Today's first significant source of inspiration for bond markets came in the form of comments from Fed Vice Chair Fischer. While he stuck to the same rhetoric as other Fed speakers for the most part, markets were caught somewhat off guard by his thoughts on the neutral Fed Funds rate potentially having moved lower compared to past precedent. In other words, when the Fed begins raising rates, it might not be as aggressive as some market participants expect.
That possibility was worth something to shorter-term bonds today--especially considering they've been weakening rapidly versus longer term bonds since mid July, and couldn't be blamed for taking any little opportunity to consolidate.
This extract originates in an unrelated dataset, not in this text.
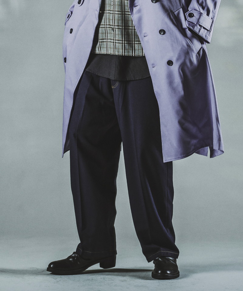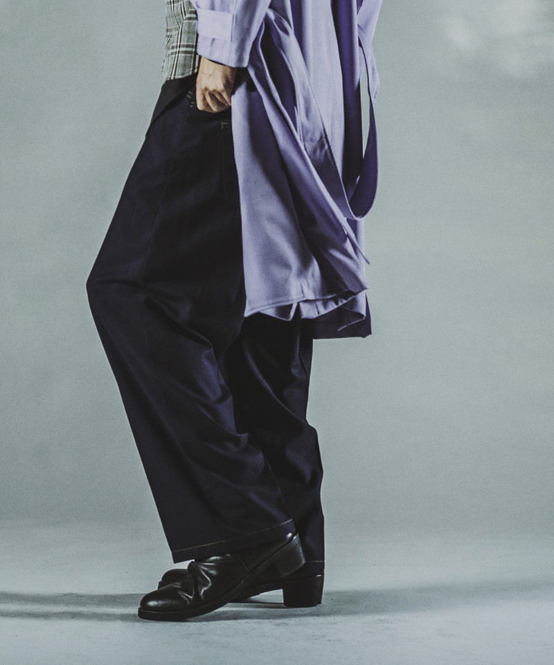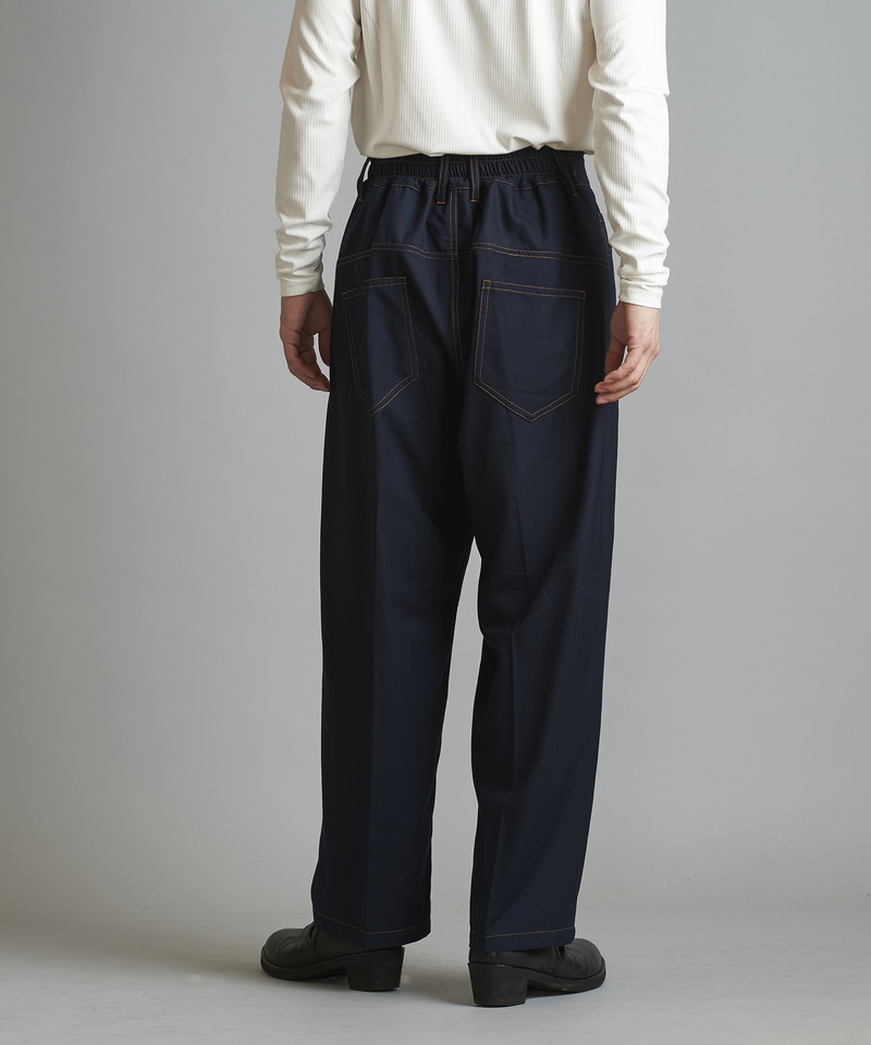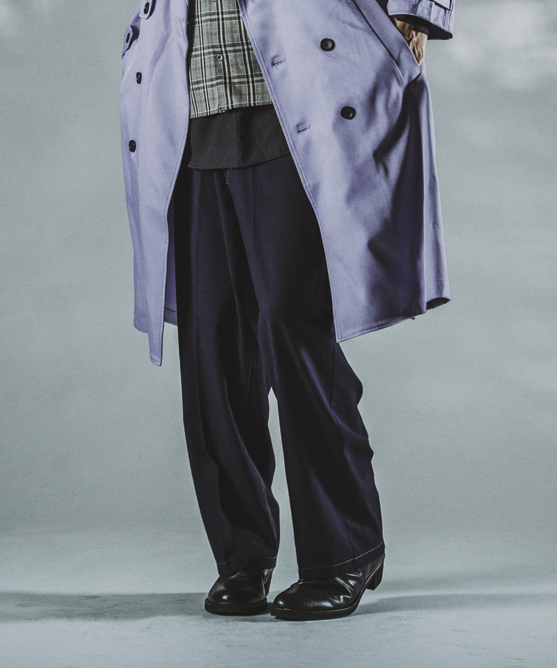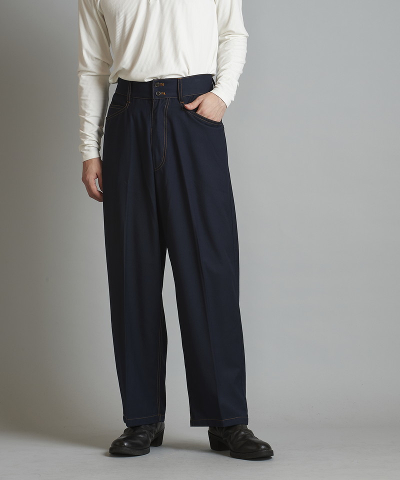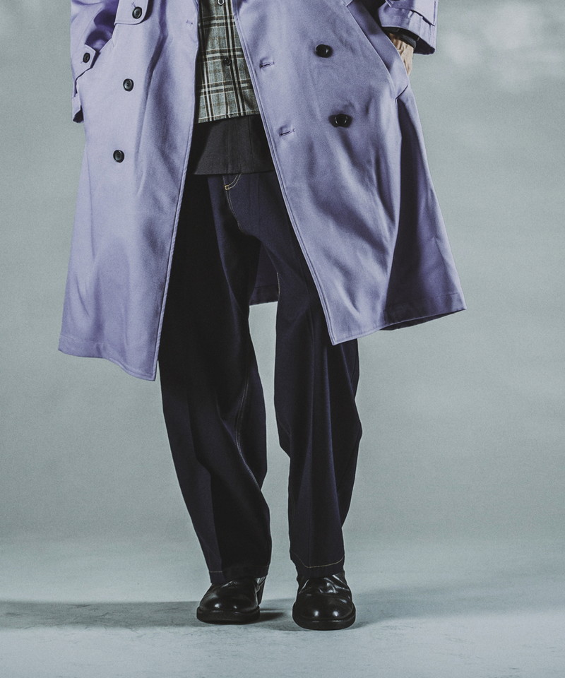ステッチワークやカジュアルな5ポケットの仕様などワークパンツの様なディティールを随所に取り入れたデザインで、ドレス感を程良く中和した好バランスなアイテム。

When short and long term yields are performing differently, there's no underlying connotation regarding which direction yields are moving in general. If we say that short term yields are outperforming, that could mean any of the following:
- short-term yields are rising, long term yields are rising more
- short-term yields are falling, long term yields are falling less
- short term yields are falling or flat, long term yields are rising
In today's case, the shortest yields were very close to flat while 10yr yields were up nearly 7bps. The tone for the longer maturities was set by a heavy day of corporate debt issuance, among other things. Corporate debt creates extra supply in bond markets, thus putting pressure on prices and bringing rates higher. Some investors also moved out of bonds and into stocks as the latter put in impressive gains from Friday's lows.
As is typically the case, MBS didn't get hurt as badly as Treasuries. Fannie 3.5s were down less than a quarter point, while 10yr Treasury prices were down more than half a point.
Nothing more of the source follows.